The island is small – one mile long and three quarters of a mile wide. From Errisbeg, the manmade walls and fields make it look like a giant patchwork quilt, floating in the sea. The island was inhabited until the early sixties. The boreen that circles the island is subsumed by bog and rocks in places. A water tower sits on the rocky highest part of the island, where a broken windmill and overgrown reservoir point to a long-abandoned water system, which was revolutionary in its time. Looking due north from that point, potato drill scars run along fields towards the schoolhouse and small cottage where Gerard Dillon had lived. The grass gives way to the white sand of the beach; a line of stones, maybe once a wall, bejewel the sandy height of a shell midden. It is said that the former landlord’s daughter is buried there. Another notable soul was a Luftwaffe pilot, whose body washed up on the island. He was eventually repatriated by his family after the war. This is all framed by the Twelve Bens in the distance. These mountains change shape and colour constantly, a vexation for many artists or a challenge to some.

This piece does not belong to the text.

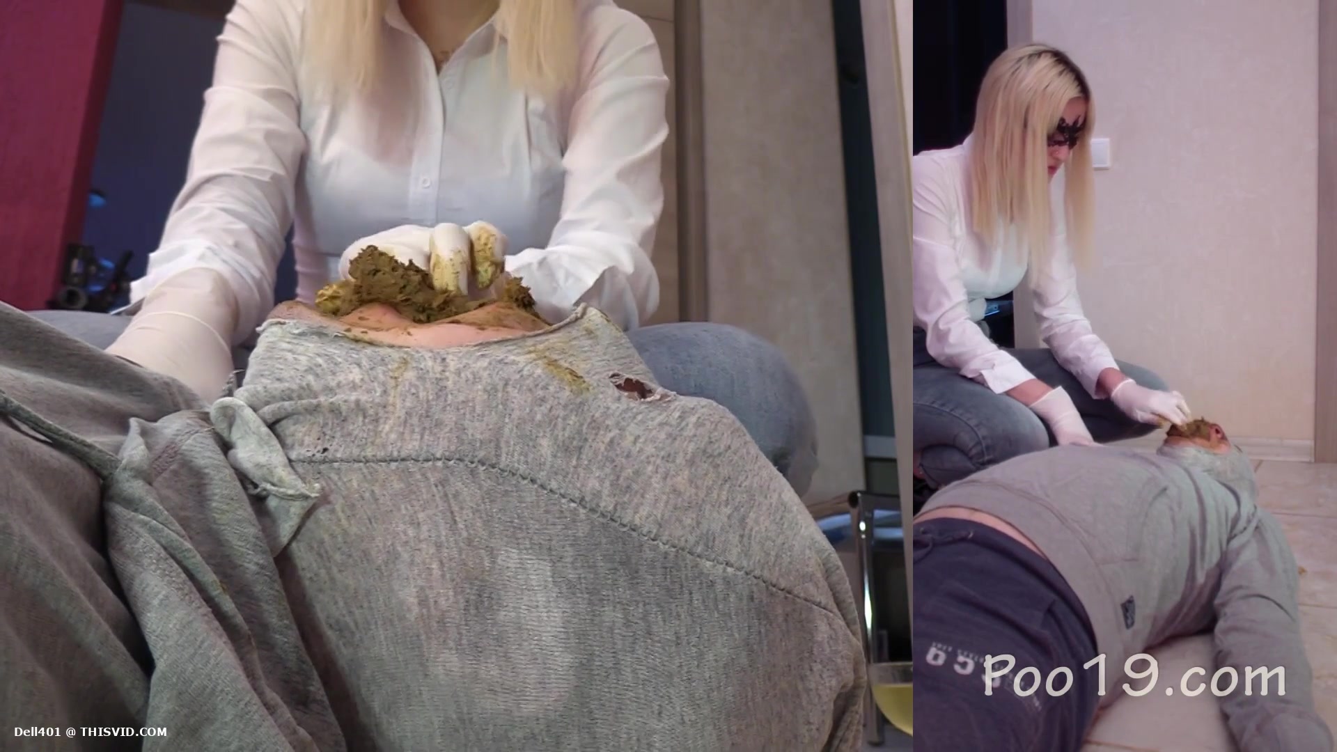Two girls use a homemade toilet to feed a male slave with lots of shit.

The painter Mick O’Dea has long been a temporary islander with us. The beach is one of his main subjects and often he turns his back on the obvious view of the mountains to examine the sand and rocks. He has produced an extensive collection of Inishlacken landscapes, which often feature other artists in the composition. English artist Caroline Wright has set her performance works on the beaches and in the water documenting and presenting her responses in video and drawing. Belfast architect and artist Michael Doherty holds a fervent commitment to plein air drawing and painting; he is prolific and never wastes a moment. Dublin artists Una Sealy and Dorothy Smith have approached the subject of left behind houses and their contents, while also working directly from the landscape. After years of absorbing the island landscape for studio work, I have recently embraced the practice of plein air painting, which has sharpened up my drawing and observation skills.
As a group, we have exhibited at Galway Arts Centre, the Linen Hall Library and the Gerard Dillon Gallery in Belfast, Áras Éanna on Inis Oírr, The Red House Arts Center, New York, Clifden Arts Festival and on Inishlacken itself for Culture Night. No one could have foreseen the circumstances and events of annus pandemicus 2020. The pandemic almost put a halt to the annual gathering but in September 2020, a small window opened when a group could go there. The island was perfect for social distancing and the weather held for a few days of much needed island isolation, breaking the months of imposed isolation we had all lived through. The further lockdowns make this year’s ‘Inishlacken Project’ seem like an aspirational dream. We should have been celebrating the twentieth anniversary of the project with another exhibition in Syracuse, but hopefully we will be able to mark it next year. Michael Doherty called me to suggest a twenty first commemoration instead, to celebrate “... a coming of age”, he said.